Advice given as abuse rises online
It seems the general public has taken up the habit of criticising public servants via social media, leading to suggestions workers need better online protection.
The Public Service Commission has taken up the fight of the workers, saying it will continue to educate and inform its way to better internet practices, and hopefully reduce cases of cyber-bullying.
An alert has been sent to 170,000 Commonwealth officials, raising awareness of the issue and providing a self-help guide for workers.
The Public Service Commission is urging victims to consider calling the police, think about laying down apprehended violence orders, or even suing their tormentors.

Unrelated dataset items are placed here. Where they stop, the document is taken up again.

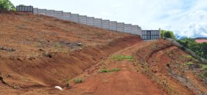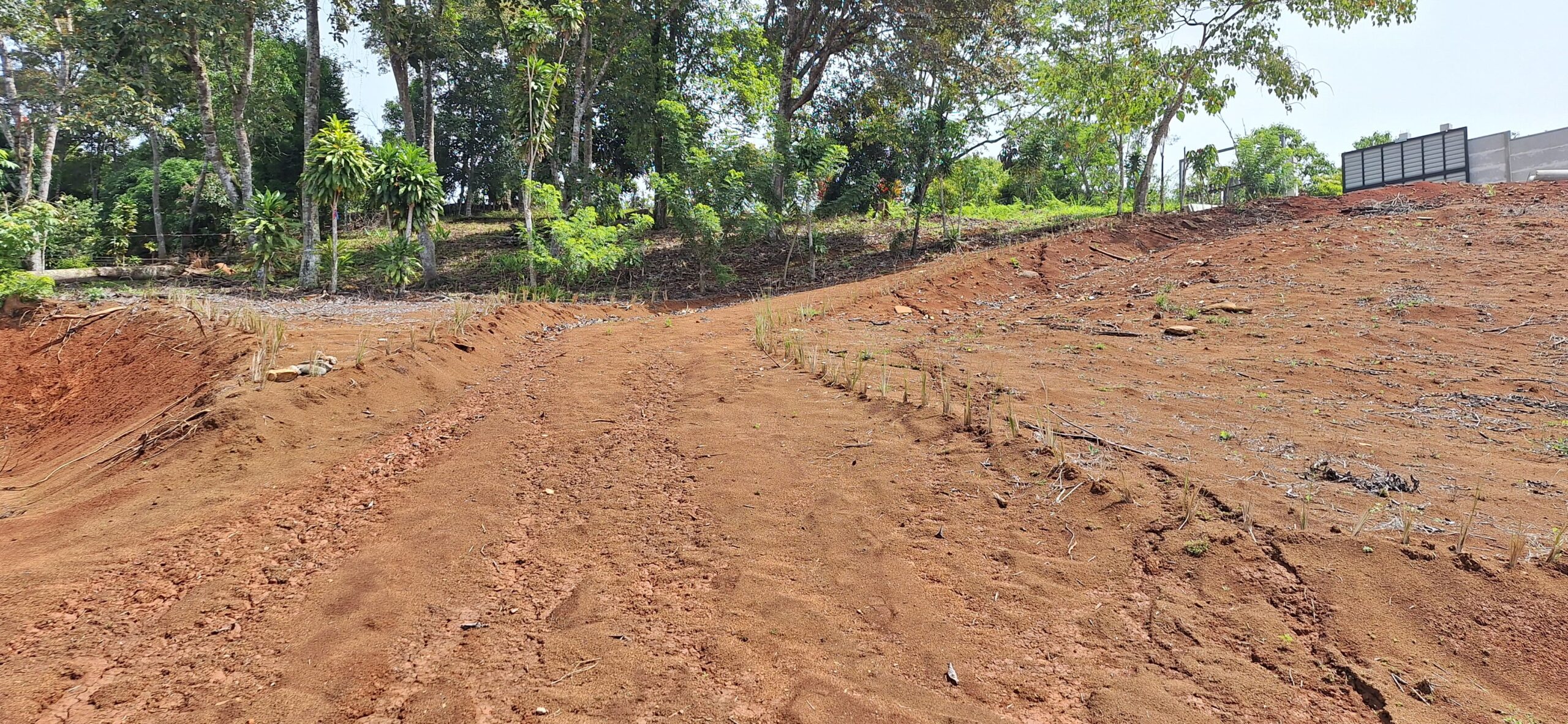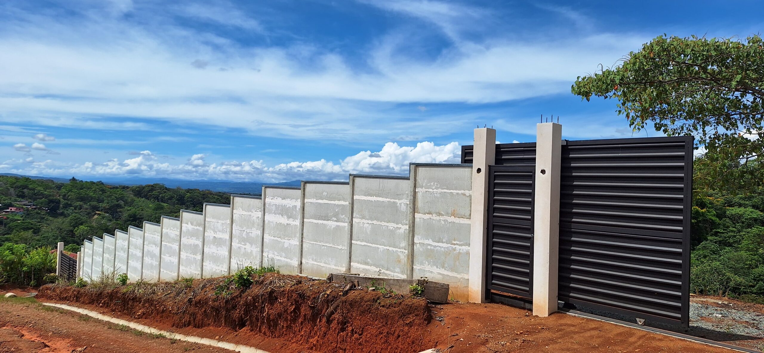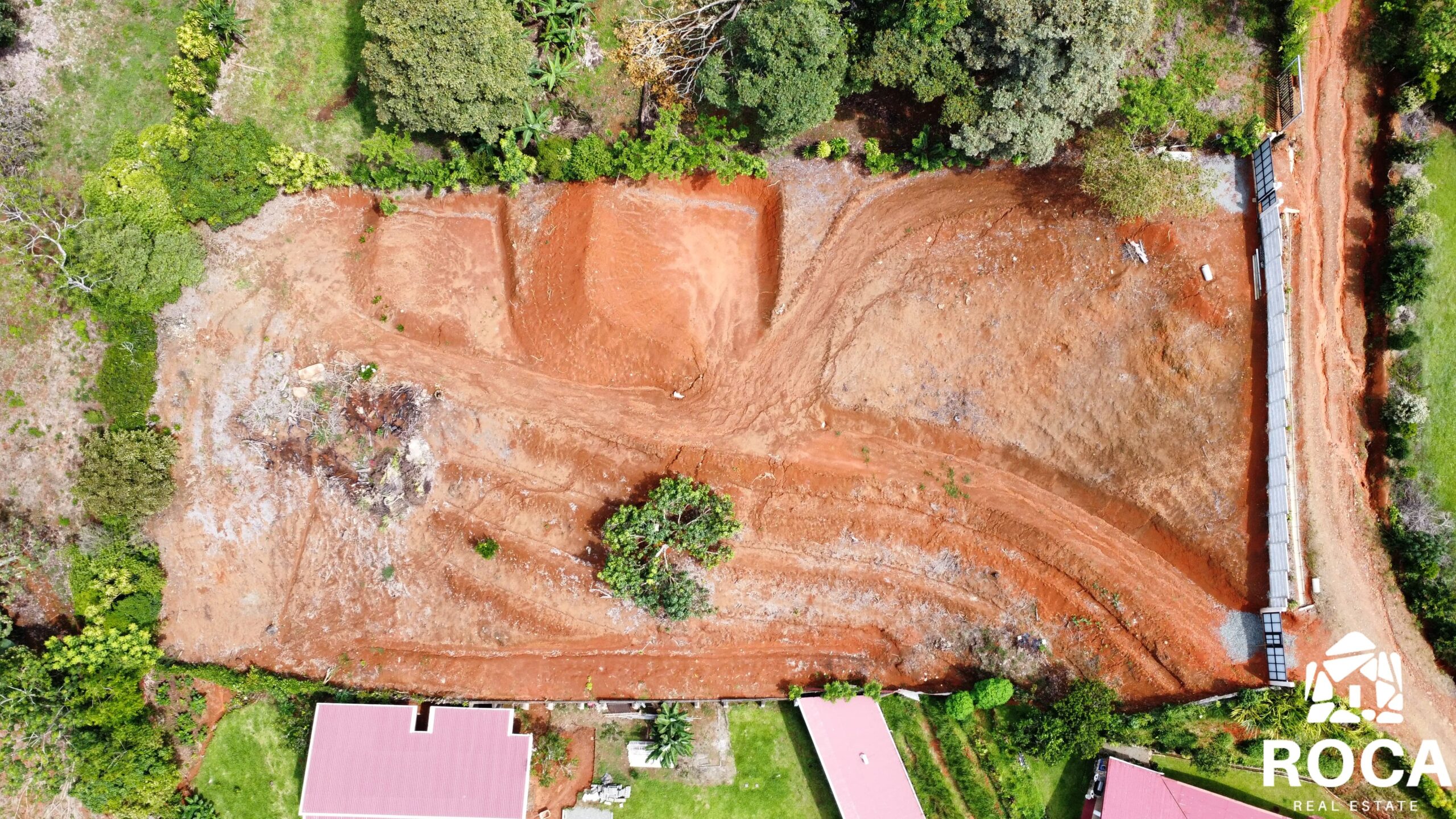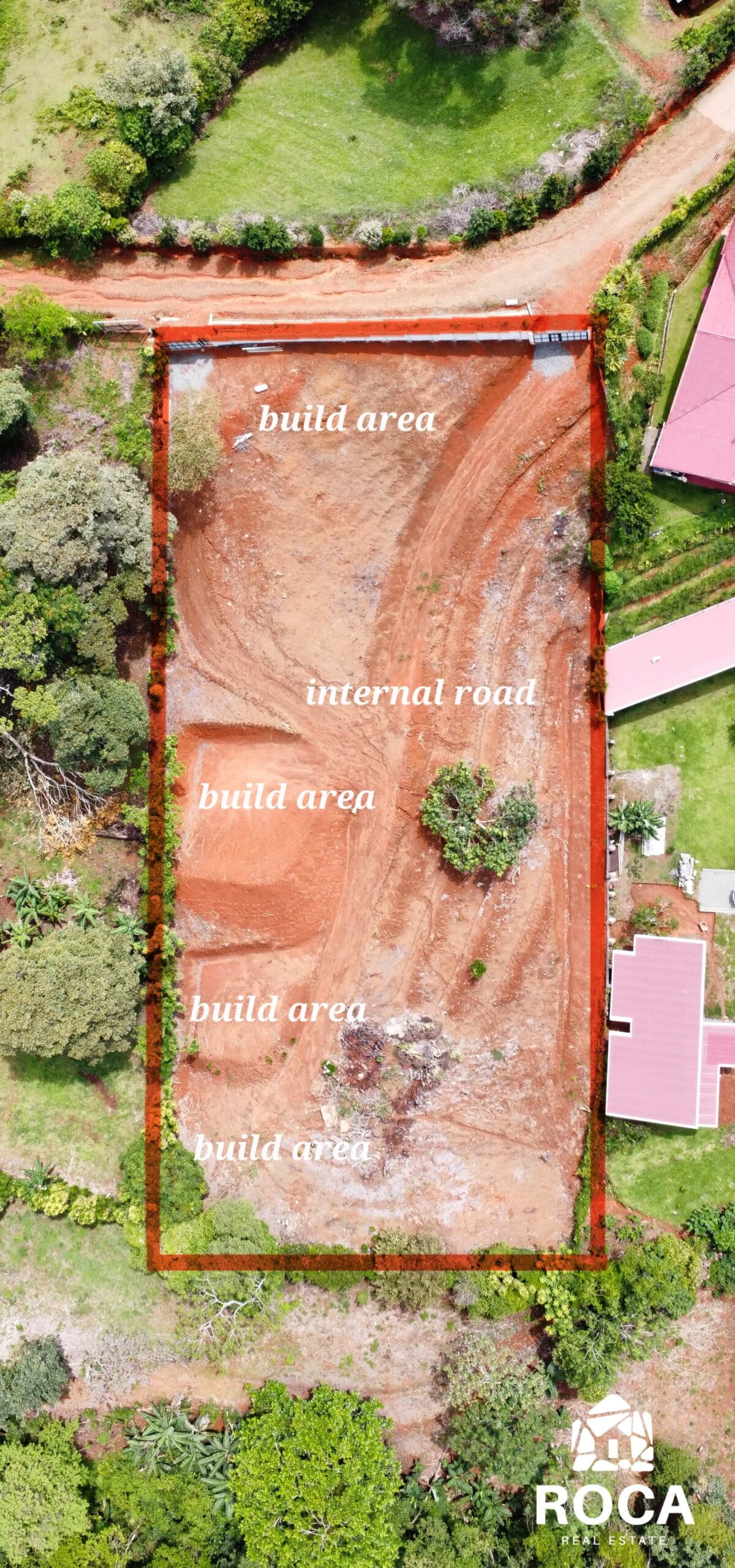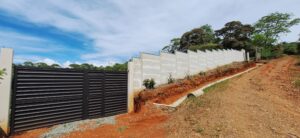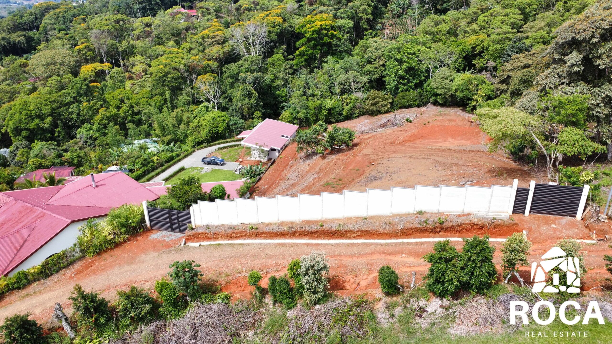 Key points: - It has several flat areas and an internal road. - Access to public services of water and electricity. - The property has a large front facing a public road. - Front wall with two access points, each with a gate.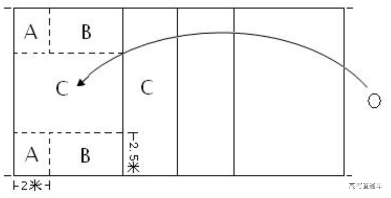 如图所示。考生在发球区用上手、勾手发球或跳发球10次,要求所发出的球有一定的速度和力量,对飞行速度慢、力量小的发球,则在相应得分中扣去0.3分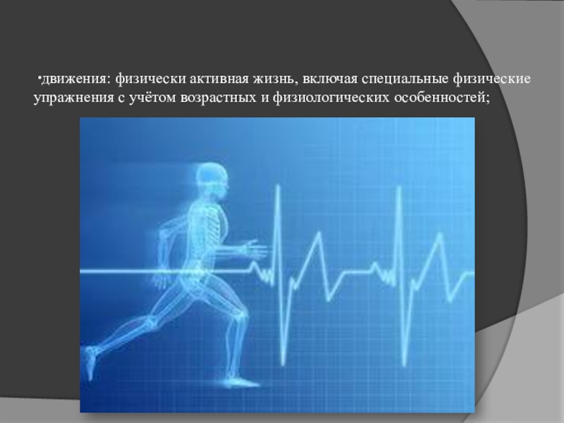 Слайд 10движения: физически активная жизнь, включая специальные физические упражнения с учётом возрастных

The most recent State of the Service circular report says around 1700 officials have reported being bullied online, with a third of those saying it some from members of the general public.
“Cyber-bullying is an emerging issue for APS employees, associated with increasing use of social media and other online networking tools,” the report says.
“Mechanisms may… be available to agencies and employees under state criminal laws, including laws relating to stalking, or under other laws relating to protection or apprehended violence orders, privacy, and discrimination.”
A ‘Working Group on Cyber-bullying of APS employees by clients’ comprising nine agencies and departments has been put together. It will seek advice from Australian Federal Police and the Attorney General's Department.
The commission's acting Merit Protection Commissioner Karin Fisher says the game has changed in the internet age.
“Dealing with members of the public and what might be viewed as hostile or unacceptable behaviour from members of the public is not a new issue," she said.
“What is new is the online nature of it.”
“What this circular is about is a preventative measure to give agencies some assistance to help protect their employees if their interactions with members of the public online could be distressing for them or harmful.”
Recent reports state that some departments suffer worse than others, and have had to take extra measures.
The Department of Human Services is reportedly stepping up its efforts to protect its frontline workers in Centrelink, Medicare and the Child Support Agency from repeated threats of violence.